You may have read the tantalizing claims of additives, magnets or secret devices that will magically boost your gas mileage. And if you're like most people, you've been curious: Do these products actually work?
Whenever gasoline prices spike, drivers look for ways to save money at the pump. Products in the marketplace typically range from $5 to $100 and promise mileage gains from 1 percent to 20 percent.
The products that claim to achieve these gains include a device that's added to your air intake to improve circulation; magnets that are attached to the fuel line to supposedly change the molecular structure of gasoline; oil additives to help the engine run more smoothly; a packet of gel you can add to the fuel tank or attach to the fuel line that claims to burn gas more efficiently; and various fuels and fuel additives.
None of these products will work mileage miracles, according to the Environmental Protection Agency (EPA), which has tested more than 100 gas-saving devices, including mixture "enhancers" and fuel-line magnets.

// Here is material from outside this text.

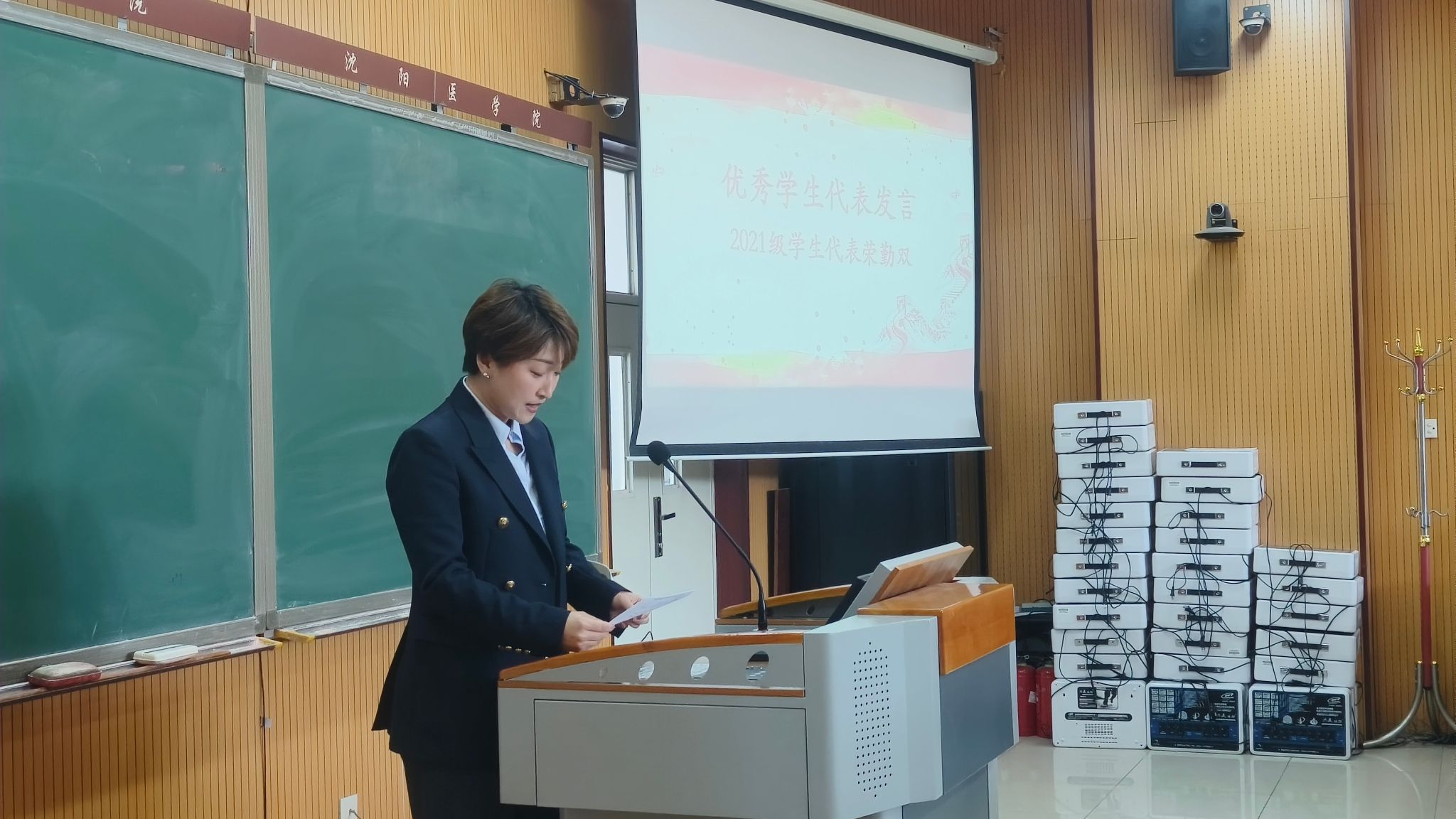 在教师代表发言环节,辅导员秦婧系统梳理了过去一年学院思政教育工作情况,并提出未来将进一步推动思政教育与学生学业、日常生活的深度融合;计算机与信息工程党支部书记刘洪从党建引领的角度,全面总结了“明德思政课堂”的实践成果,并表示未来将深化“双带头人”机制,着力打造“专业 + 思政”协同育人的创新范式。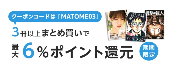 書籍3冊以上をカートに入れ、注文確定前にクーポンコード「MATOME03」入力で最大6%ポイント還元されます。

It has found that very few provide any fuel economy benefits. Tests may periodically show a mileage improvement, but nothing that you wouldn't find in the normal shifts that occur in your mileage, based on conditions.
"The devices that work provide only marginal improvements," according to the EPA. "Some 'gas-saving' devices may damage a car's engine or increase exhaust emissions." The best way to save gas is to follow the maintenance advice in your owner's manual. You also can assess your driving and then alter the lane-changing, lead-foot ways that are driving down your mileage.